We are planning to take the train from Kansas City to St Louis next Monday and are getting concerned since that service is temporarily suspended due to ongoing flooding issues. I had a friend who had confirmation a couple months ago for their train ride to STL and showed up to board and instead had to take the bus provided by Amtrak. We'll be traveling with 4 small/young kids and 4 adults, 3 of which are VERY TALL. We are very hesitant to have to take the bus. We're trying to figure out if we need to cancel and make other arrangements. Thoughts?


----------



## chakk (Jun 11, 2019)

AngdB said:


> We are planning to take the train from Kansas City to St Louis next Monday and are getting concerned since that service is temporarily suspended due to ongoing flooding issues. I had a friend who had confirmation a couple months ago for their train ride to STL and showed up to board and instead had to take the bus provided by Amtrak. We'll be traveling with 4 small/young kids and 4 adults, 3 of which are VERY TALL. We are very hesitant to have to take the bus. We're trying to figure out if we need to cancel and make other arrangements. Thoughts?

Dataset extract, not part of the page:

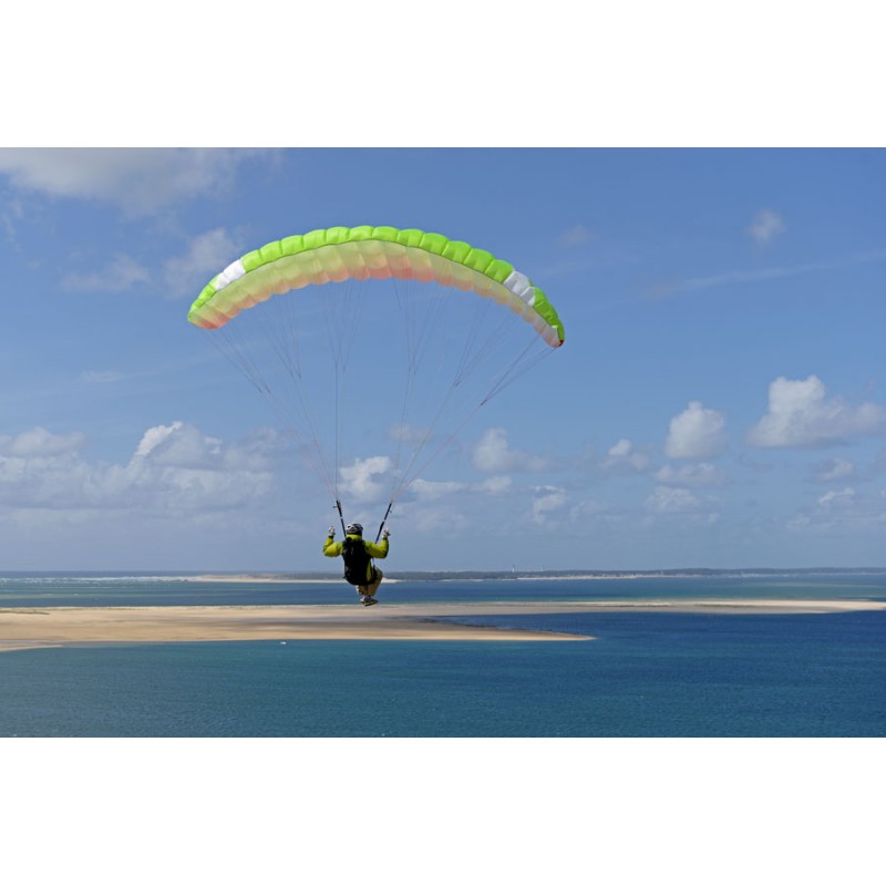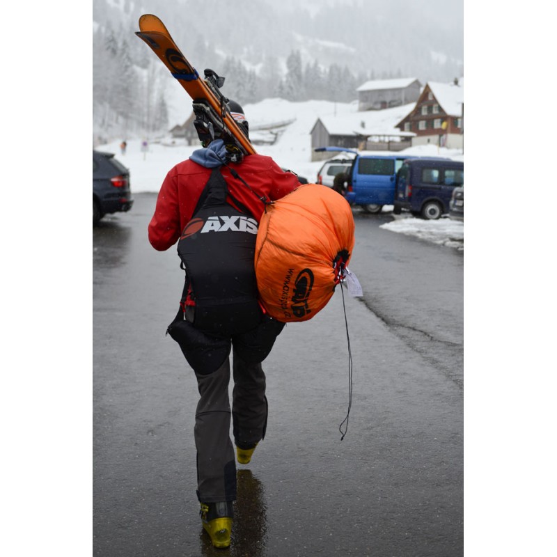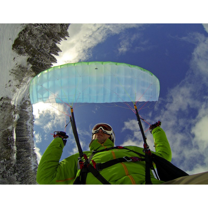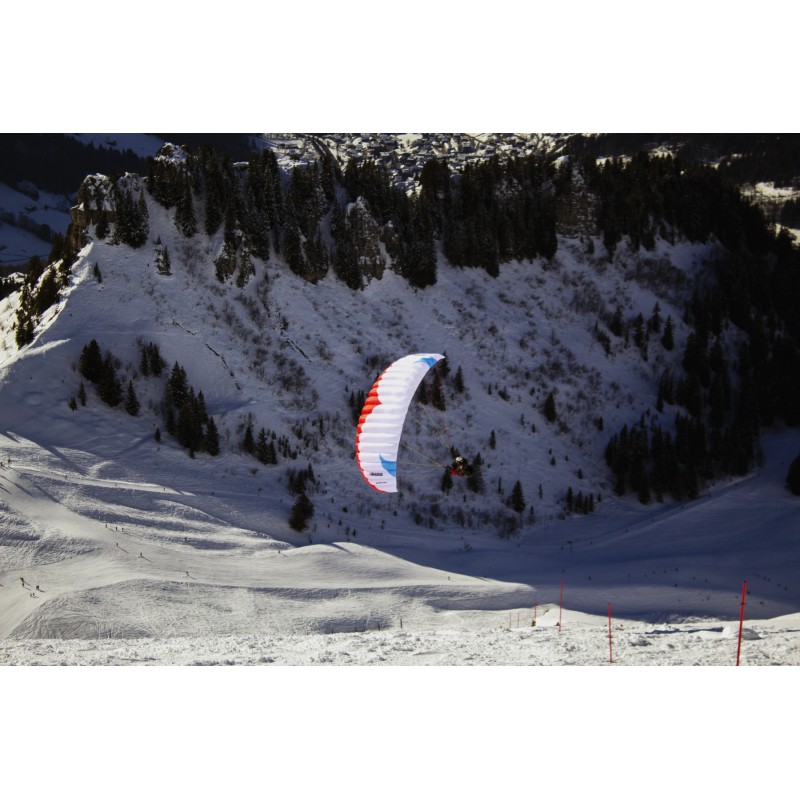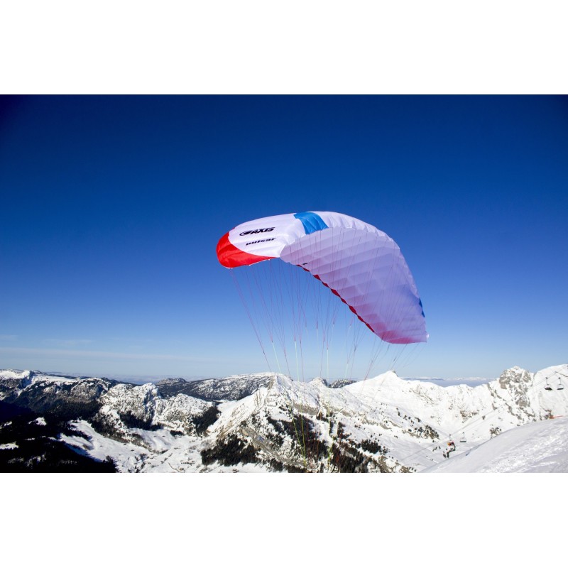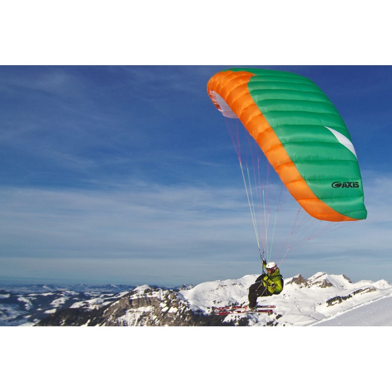 All lines are sheeted to be protected from the sharp ski edges. In combination with a moderate trimmer, it is the perfect beginner speedflyer to ride on skies. Trimmed down it has a nice uplift for foot launch, trimmed up it delivers a very nice and controllable dive for touch and go with skis. The top notch flare characteristics are typical for an Axis glider.

no guarantee that the rail line will reopen by next monday. if you won't ride a bus, consider flying instead or renting autos for the journey


----------



## MikefromCrete (Jun 11, 2019)

The KC-StL cancellations have been going on for a month now. It's just a matter of luck when the service resumes. If you don't to ride a bus, take a plane or drive.


----------



## dogbert617 (Jun 19, 2019)

I remember hearing a report from Amrrak on their alerts page, that a few days ago that the 2 morning Missouri River Runner trains (in each direction, trains 311 and 314) had been restored. But as I recall, trains 313 and 316 (the 2 afternoon/evening trains) hadn't yet been restored. I would either check the Amtrak website(under the alerts part of the site) to see if those last 2 trains have been restored, or to call 800-USA-RAIL and bypass Julie to speak to an actual agent and ask this. Fingers crossed, and hopefully those last 2 trains have been restored by now!


----------



## dogbert617 (Jun 24, 2019)

I looked on the Facebook page, and sadly it seems like YET again, service(even for the 2 morning trains) got suspended for MO River Runner. Hopefully all train service is restored, eventually.


----------